Diversified funding models. The Gr-ADI consortium and Phare Bio represent new approaches: philanthropic funding, open-source drug discovery, and nonprofit-commercial partnerships. These models bypass the broken venture capital pathway but need sustained investment to prove scalable.
The Cost of Waiting
Every year without meaningful reform, the pipeline shrinks. Every company that fails takes its institutional knowledge, its clinical data, and its compound libraries with it. Venatorx's cefepime-taniborbactam did not disappear because it stopped working — it disappeared because no one could afford to manufacture it. BiomX's phage therapy data is published in Nature Communications, waiting for a company healthy enough to advance it.
Meanwhile, NDM-producing superbugs surged 461% in the US. Candida auris spread to over 60 countries with 30–60% mortality. The WHO reports that 1 in 6 infections worldwide involves a resistant pathogen.
The UK subscription model launching on April 1 is a beginning — proof that governments can restructure the economics of essential medicines.

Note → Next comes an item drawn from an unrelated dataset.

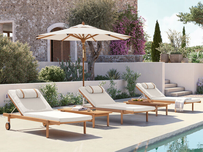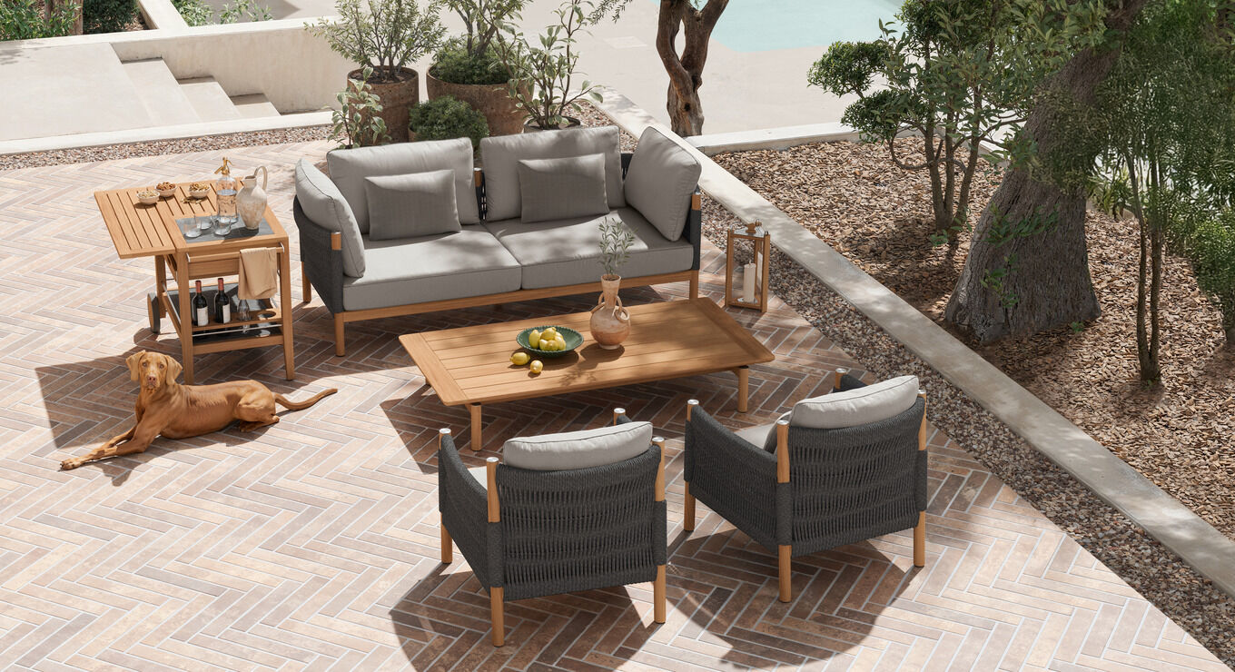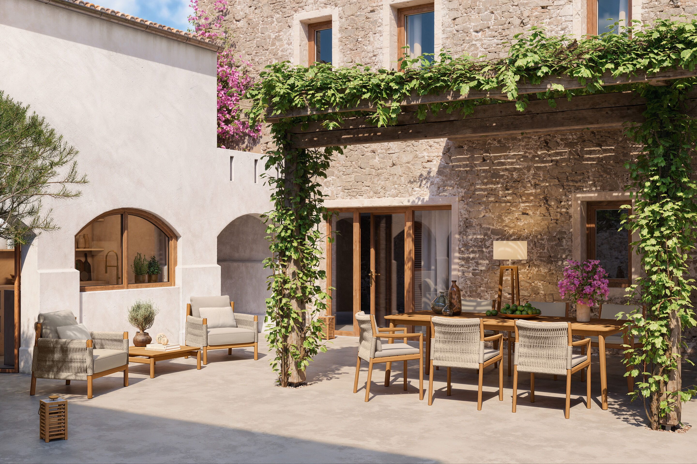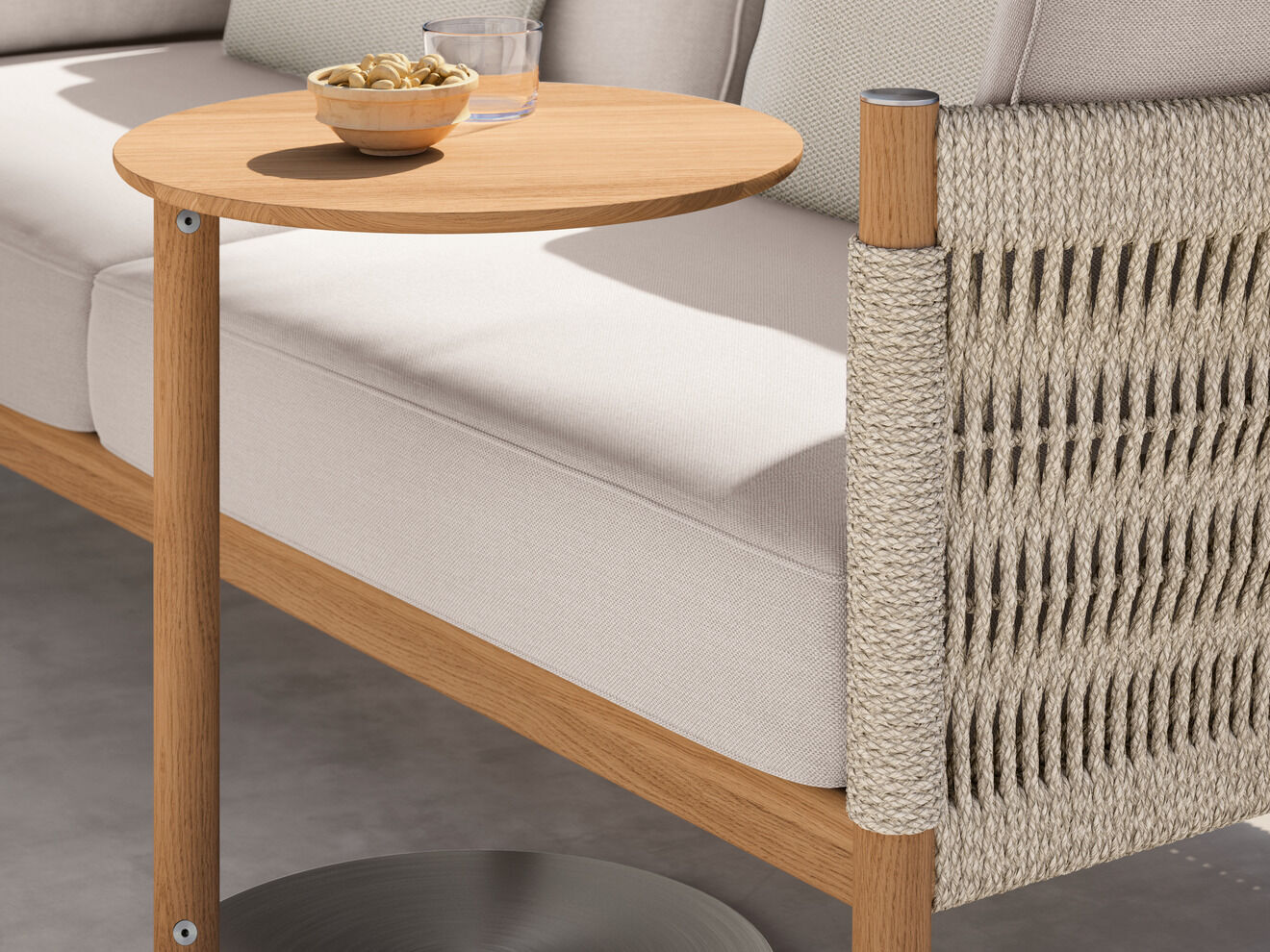 Italienische Designer haben, exklusiv für Garpa, ein wohnliches Szenario entworfen. Teakholz übernimmt den klassischen Part in fein gedrechselter Gestalt. Eine wetterfeste Kordel in edlem Beige oder Anthrazit, die von Hand zu einem so markanten wie anschmiegsamen Geflecht verarbeitet wird, schafft innovative Eleganz. Einladend weiche Polster und Kissen vollenden den Komfort. Durch ihre eigenständige Formgebung scheinen die Teakplatten der niedrigen Couchtische über den Tischbeinen zu schweben. Unterschiedliche Formate schaffen Platz für nützliche und dekorative Requisiten.

But it is one country, offering up to £20 million per drug per year, in a crisis that demands coordinated global action at ten times that scale.
The science exists. The compounds exist. The clinical data exists. What does not exist — not yet, not at the scale required — is the economic architecture to turn those discoveries into medicines that reach the patients who need them.
We know how to fix this. We have known for a decade. The question is whether we will act before the pipeline empties entirely, or whether we will wait until the next pandemic-scale outbreak forces our hand — and discover that there is nothing left in the arsenal to deploy.
Key Sources: Access to Medicine Foundation AMR Benchmark 2026 (March 10, 2026); WHO Antibacterial Pipeline Report 2025; AMR Action Fund statement (March 2026); PASTEUR Act HR 7352, 119th Congress (February 2026); NHS England Antimicrobial Subscription Model Guidance; Lancet Commission on AMR (2022); EuroNews "Antimicrobial resistance is outpacing the industry's efforts" (March 11, 2026); CIDRAP PASTEUR Act coverage (2026); Nature Communications BX004-A Phase 1b/2a results (July 2025); BARDA/CARB-X/ARPA-H public funding data.